*WHAT THE TASK REQUIRES:* Which lines of the entries below run from the one holding "국민의힘 이준석대표가 22일" to the one holding "Blue Floral kurta With Kantha Details", inclusive? Set down exactly those lines and no others.

── STUDY MATERIAL ──

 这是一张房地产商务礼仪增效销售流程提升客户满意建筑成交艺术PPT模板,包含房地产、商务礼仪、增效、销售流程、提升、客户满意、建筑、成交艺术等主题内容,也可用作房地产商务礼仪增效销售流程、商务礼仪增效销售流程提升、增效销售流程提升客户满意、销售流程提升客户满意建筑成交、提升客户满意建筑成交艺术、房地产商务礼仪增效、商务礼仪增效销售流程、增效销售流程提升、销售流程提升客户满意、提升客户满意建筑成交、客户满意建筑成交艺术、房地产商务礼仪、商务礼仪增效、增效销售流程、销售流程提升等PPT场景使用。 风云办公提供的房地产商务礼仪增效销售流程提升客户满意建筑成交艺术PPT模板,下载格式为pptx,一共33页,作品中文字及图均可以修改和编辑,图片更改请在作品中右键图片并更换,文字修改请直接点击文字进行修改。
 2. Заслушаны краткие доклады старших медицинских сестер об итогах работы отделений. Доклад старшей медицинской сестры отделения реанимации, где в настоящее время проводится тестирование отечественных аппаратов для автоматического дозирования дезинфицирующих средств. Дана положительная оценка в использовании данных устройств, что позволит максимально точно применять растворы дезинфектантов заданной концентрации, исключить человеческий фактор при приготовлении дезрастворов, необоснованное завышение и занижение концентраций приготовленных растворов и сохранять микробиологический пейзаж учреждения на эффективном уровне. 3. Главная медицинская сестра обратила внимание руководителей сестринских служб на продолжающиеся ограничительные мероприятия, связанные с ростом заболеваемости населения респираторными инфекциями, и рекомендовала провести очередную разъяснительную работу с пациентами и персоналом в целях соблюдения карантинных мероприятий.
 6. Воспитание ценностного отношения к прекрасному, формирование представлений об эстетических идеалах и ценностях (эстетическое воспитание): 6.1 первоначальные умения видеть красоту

───
── STUDY MATERIAL ──

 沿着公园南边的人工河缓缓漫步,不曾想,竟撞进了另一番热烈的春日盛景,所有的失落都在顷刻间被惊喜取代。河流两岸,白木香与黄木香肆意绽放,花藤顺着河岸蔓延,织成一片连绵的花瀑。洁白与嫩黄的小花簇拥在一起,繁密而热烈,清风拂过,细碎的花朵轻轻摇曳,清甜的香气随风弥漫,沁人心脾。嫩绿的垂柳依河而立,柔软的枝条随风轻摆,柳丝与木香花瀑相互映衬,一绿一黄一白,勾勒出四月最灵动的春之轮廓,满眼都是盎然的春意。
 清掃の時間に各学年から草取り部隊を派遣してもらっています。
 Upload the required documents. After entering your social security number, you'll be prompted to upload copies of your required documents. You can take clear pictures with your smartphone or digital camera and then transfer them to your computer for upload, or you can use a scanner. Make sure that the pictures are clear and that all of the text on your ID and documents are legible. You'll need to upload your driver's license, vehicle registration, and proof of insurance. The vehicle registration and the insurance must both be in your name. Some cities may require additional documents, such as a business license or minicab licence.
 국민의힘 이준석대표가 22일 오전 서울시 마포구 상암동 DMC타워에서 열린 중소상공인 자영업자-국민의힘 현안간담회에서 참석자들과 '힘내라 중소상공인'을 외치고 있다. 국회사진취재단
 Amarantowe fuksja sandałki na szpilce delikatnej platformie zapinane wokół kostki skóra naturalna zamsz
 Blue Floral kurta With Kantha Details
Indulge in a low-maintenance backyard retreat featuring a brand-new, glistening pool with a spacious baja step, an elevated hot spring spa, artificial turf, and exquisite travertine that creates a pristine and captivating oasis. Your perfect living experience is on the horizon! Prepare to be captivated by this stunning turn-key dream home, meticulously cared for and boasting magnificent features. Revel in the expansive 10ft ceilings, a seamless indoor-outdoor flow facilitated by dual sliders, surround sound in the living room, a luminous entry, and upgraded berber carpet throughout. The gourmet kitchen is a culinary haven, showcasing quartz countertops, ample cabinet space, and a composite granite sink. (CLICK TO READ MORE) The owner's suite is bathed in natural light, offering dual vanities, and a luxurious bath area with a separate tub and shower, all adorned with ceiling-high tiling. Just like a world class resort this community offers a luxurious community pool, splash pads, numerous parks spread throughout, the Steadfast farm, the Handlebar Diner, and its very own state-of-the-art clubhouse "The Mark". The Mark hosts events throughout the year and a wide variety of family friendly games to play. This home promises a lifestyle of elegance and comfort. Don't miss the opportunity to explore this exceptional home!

───

*TASK ANSWER:*
 국민의힘 이준석대표가 22일 오전 서울시 마포구 상암동 DMC타워에서 열린 중소상공인 자영업자-국민의힘 현안간담회에서 참석자들과 '힘내라 중소상공인'을 외치고 있다. 국회사진취재단
 Amarantowe fuksja sandałki na szpilce delikatnej platformie zapinane wokół kostki skóra naturalna zamsz
 Blue Floral kurta With Kantha Details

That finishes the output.